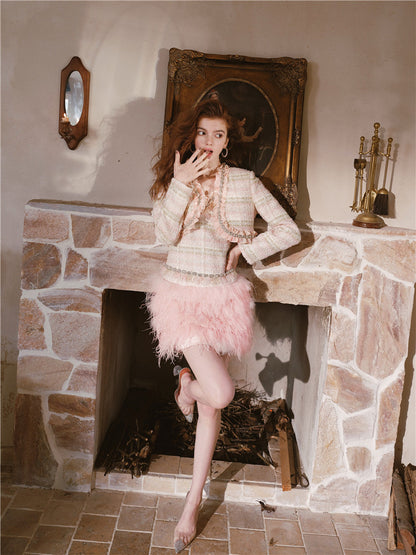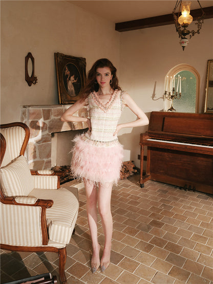 Introducing Chen Luxury's Wardrobes - the epitome of elegance, chic, and glamour. This pink sleeveless dress boasts feathers and tassels, accented with a stunning diamond design. Perfect for dressing to impress, this dress will elevate any occasion to a luxurious event.
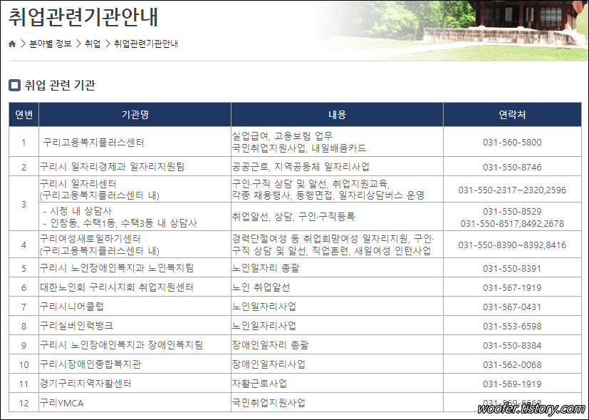 ▲ 구리고용복지플러스센터, 구리시 일자리경제과 일자리지원팀, 구리시니어클럽, 장애인종합복지관, 구리지역자활센터 등의 취업관련 기관 정보를 확인할 수 있습니다.
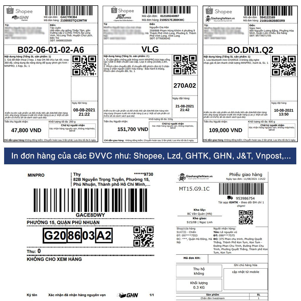 - In được theo toàn bộ sàn TMĐT: Shopee, và các bên GHTK, GHN, Viettel Post, J&T, KiotViet, Sapo, Nhanh,...
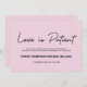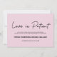 À luz de circunstâncias imprevistas, compreendemos que alguns casamentos podem ter de ser adiados. Comunique esta mudança com graça e positividade usando nossos convites de adiamento de casamento "Amor é Paciente". Esta placa personalizável permite-lhe partilhar os planos atualizados com os seus convidados e mantê-los informados. O design apresenta uma combinação de simples tipografia simples, preta e rosa-pincel, criando um estilo moderno e elegante. As palavras "Amor é Paciente" servem como um lembrete do amor duradouro entre você e seu parceiro, ao mesmo tempo que transmitem a mensagem de paciência e compreensão durante esse tempo. Personalize o cartão com seus nomes, data do casamento e quaisquer informações ou mensagens adicionais que você gostaria de incluir. Ao personalizar o cartão, você pode garantir que o convite reflita seu estilo exclusivo e captura o sentimento que deseja transmitir aos seus convidados. Embora a necessidade de adiar um casamento possa ser decepcionante, é importante abordar a situação com graça e positividade. Ao escolher nosso cartão "Mudança de planos", você pode entregar a mensagem do seu adiamento de casamento de uma forma atenciosa e atenciosa.

Work instructions
The answer should contain nothing but the lines from the top of the data above through the line containing "- In được theo", copied exactly, with no images.

Solution for this exercise
 Introducing Chen Luxury's Wardrobes - the epitome of elegance, chic, and glamour. This pink sleeveless dress boasts feathers and tassels, accented with a stunning diamond design. Perfect for dressing to impress, this dress will elevate any occasion to a luxurious event.
 ▲ 구리고용복지플러스센터, 구리시 일자리경제과 일자리지원팀, 구리시니어클럽, 장애인종합복지관, 구리지역자활센터 등의 취업관련 기관 정보를 확인할 수 있습니다.
 - In được theo toàn bộ sàn TMĐT: Shopee, và các bên GHTK, GHN, Viettel Post, J&T, KiotViet, Sapo, Nhanh,...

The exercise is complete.